• [INFORMATION SUPPLIED]:
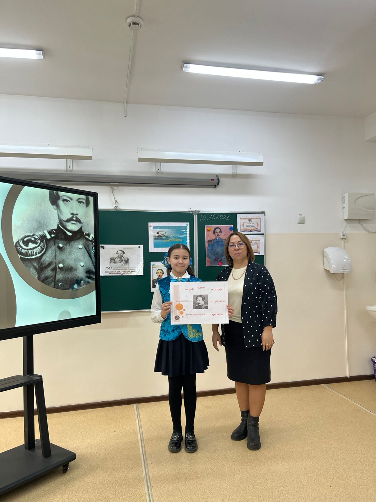 «Адал азамат» біртұтас тәрбие бағдарламасы аясында 6 “А” сыныбында ұлы ғалым, ағартушы Шоқан Уәлихановтың 190 жылдық мерейтойына арналған ашық тәрбие сағаты өткізілді.
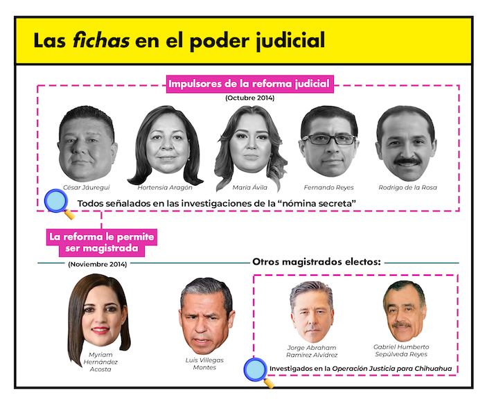 La coreografía de fichas en el Poder Judicial llevaba la huella del duartismo: Myriam Hernández fue nombrada Magistrada gracias a una reforma de octubre de 2014, impulsada por los legisladores Rodrigo de la Rosa Ramírez, César Jáuregui Moreno, María Ávila Serna, Hortensia Aragón Castillo y Fernando Reyes Ramírez, todos señalados en las investigaciones de la “nómina secreta”, un esquema de sobornos en efectivo entregados por orden de Duarte a personajes públicos.
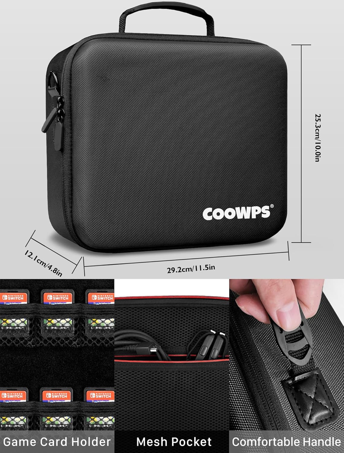WHAT'S INCLUDED: 1 * COOWPS Carrying Case for Switch (The console, pro controllers and other accessories in the images are for demonstration purposes only and are not included.) We focus on providing a better storage experience for the essence of your favorite Switch console.
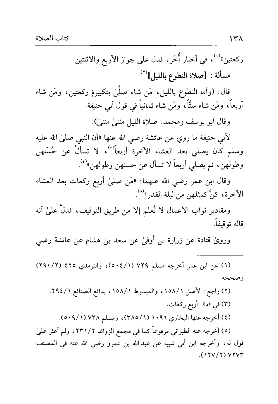 قال: (وأما التطوع بالليل، من شاء صلى بتكبيره ركعتين، ومن شاء أربعًا، ومن شاء سنًا، ومن شاء ثمانيًا في قول أبي حنيفة".
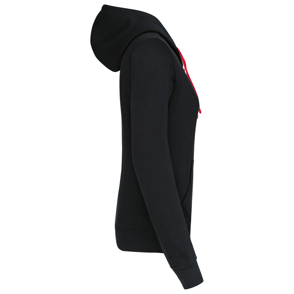 80% Baumwolle / 20% Polyester. Gekämmte Baumwolle. Gebürstetes Fleece. Kopfhörer-Kängurutasche und Kragen mit Kopfhörerkabel-Durchzug. Strickbündchen an Ärmeln und Saum. Gefütterte Kapuze inwendig und Kordelzug in Kontrastfarbe.
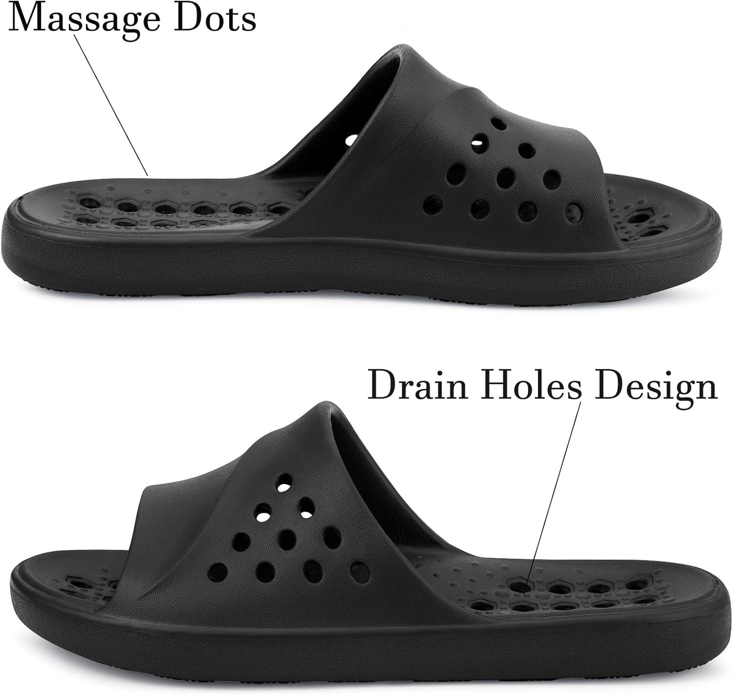 This is a pair of very comfortable shower shoes. When you take a shower, the sole of the shoe has many drainage holes that can quickly drain water, making your feet dry and comfortable

• [TO DO]: If a line falls between the one containing "80% Baumwolle /" and the last line of the entries above, both included, reproduce it exactly; leave the pictures out.

• [SOLUTION]:
 80% Baumwolle / 20% Polyester. Gekämmte Baumwolle. Gebürstetes Fleece. Kopfhörer-Kängurutasche und Kragen mit Kopfhörerkabel-Durchzug. Strickbündchen an Ärmeln und Saum. Gefütterte Kapuze inwendig und Kordelzug in Kontrastfarbe.
 This is a pair of very comfortable shower shoes. When you take a shower, the sole of the shoe has many drainage holes that can quickly drain water, making your feet dry and comfortable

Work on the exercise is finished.